** Opening Supplied material block **

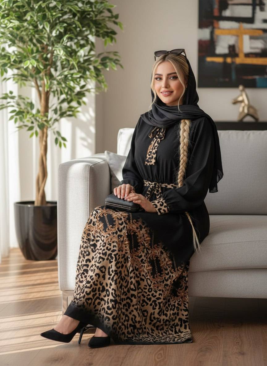 پیراهن ماکسی پلنگی زنجیری زیبا کد 3962🌙✅
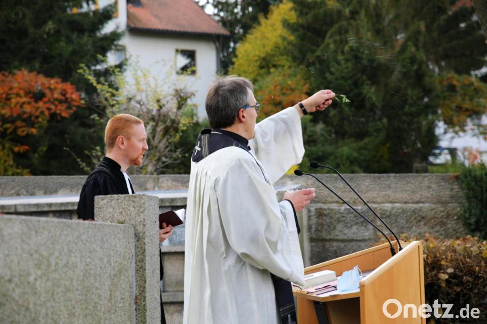 Die kirchliche Segnung der Urnenwand übernahmen die Pfarrer Martin Besold und Christoph Zeh. „Wir wollen die Seele berühren, wenn hier Menschen beerdigt werden“, stellte Besold fest. Er deutete an, dass die Angehörigen beim Verlust eines Menschen auch Zuspruch brauchen. „Sie brauchen wieder eine Hoffnung ins Leben hinein, damit sie weiterleben können.“
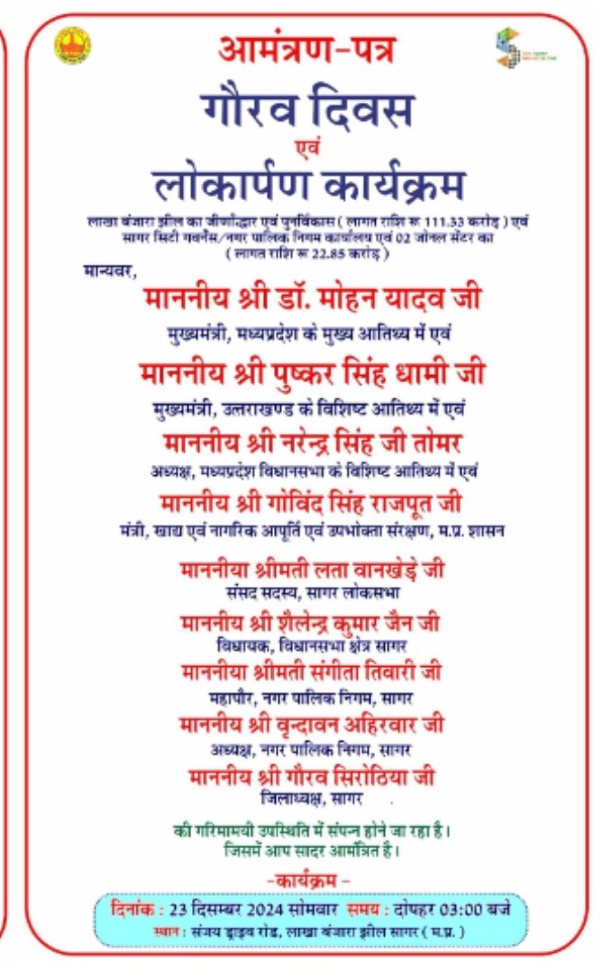 नगर पालिका निगम सागर एवं सागर स्मार्ट सिटी लिमिटेड द्वारा गौरव दिवस एवं लोकार्पण कार्यक्रम का आयोजन किया जा रहा है। 23 दिसंबर दोपहर 3 बजे मुख्यमंत्री डॉ. मोहन यादव लाखा बंजारा झील का जीर्णोद्धार एवं पुर्नविकास एवं सागर सिटी गवर्नेंस नगर पालिका निगम कार्यालय एवं दो जोनल सेंटर का लोकार्पण करेंगे। मुख्य अतिथि के रूप में उत्तराखंड के मुख्यमंत्री श्री पुष्कर धामी एवं विशिष्ट अतिथि मध्य प्रदेश विधानसभा अध्यक्ष नरेंद्र सिंह तोमर, नागरिक एवं आपूर्ति उपभोक्ता संरक्षण मंत्री गोविंद सिंह राजपूत, सांसद लता वानखेड़े, विधायक शैलेंद्र जैन, नगर पालिका निगम महापौर संगीता तिवारी, नगर पालिका निगम अध्यक्ष वृंदावन अहिरवार, भाजपा के जिलाध्यक्ष गौरव सिरोठिया शामिल होंगे।

** Closing Supplied material block **

# Problem
Write the data above out again exactly, minus its pictures.

# Output below
 پیراهن ماکسی پلنگی زنجیری زیبا کد 3962🌙✅
 Die kirchliche Segnung der Urnenwand übernahmen die Pfarrer Martin Besold und Christoph Zeh. „Wir wollen die Seele berühren, wenn hier Menschen beerdigt werden“, stellte Besold fest. Er deutete an, dass die Angehörigen beim Verlust eines Menschen auch Zuspruch brauchen. „Sie brauchen wieder eine Hoffnung ins Leben hinein, damit sie weiterleben können.“
 नगर पालिका निगम सागर एवं सागर स्मार्ट सिटी लिमिटेड द्वारा गौरव दिवस एवं लोकार्पण कार्यक्रम का आयोजन किया जा रहा है। 23 दिसंबर दोपहर 3 बजे मुख्यमंत्री डॉ. मोहन यादव लाखा बंजारा झील का जीर्णोद्धार एवं पुर्नविकास एवं सागर सिटी गवर्नेंस नगर पालिका निगम कार्यालय एवं दो जोनल सेंटर का लोकार्पण करेंगे। मुख्य अतिथि के रूप में उत्तराखंड के मुख्यमंत्री श्री पुष्कर धामी एवं विशिष्ट अतिथि मध्य प्रदेश विधानसभा अध्यक्ष नरेंद्र सिंह तोमर, नागरिक एवं आपूर्ति उपभोक्ता संरक्षण मंत्री गोविंद सिंह राजपूत, सांसद लता वानखेड़े, विधायक शैलेंद्र जैन, नगर पालिका निगम महापौर संगीता तिवारी, नगर पालिका निगम अध्यक्ष वृंदावन अहिरवार, भाजपा के जिलाध्यक्ष गौरव सिरोठिया शामिल होंगे।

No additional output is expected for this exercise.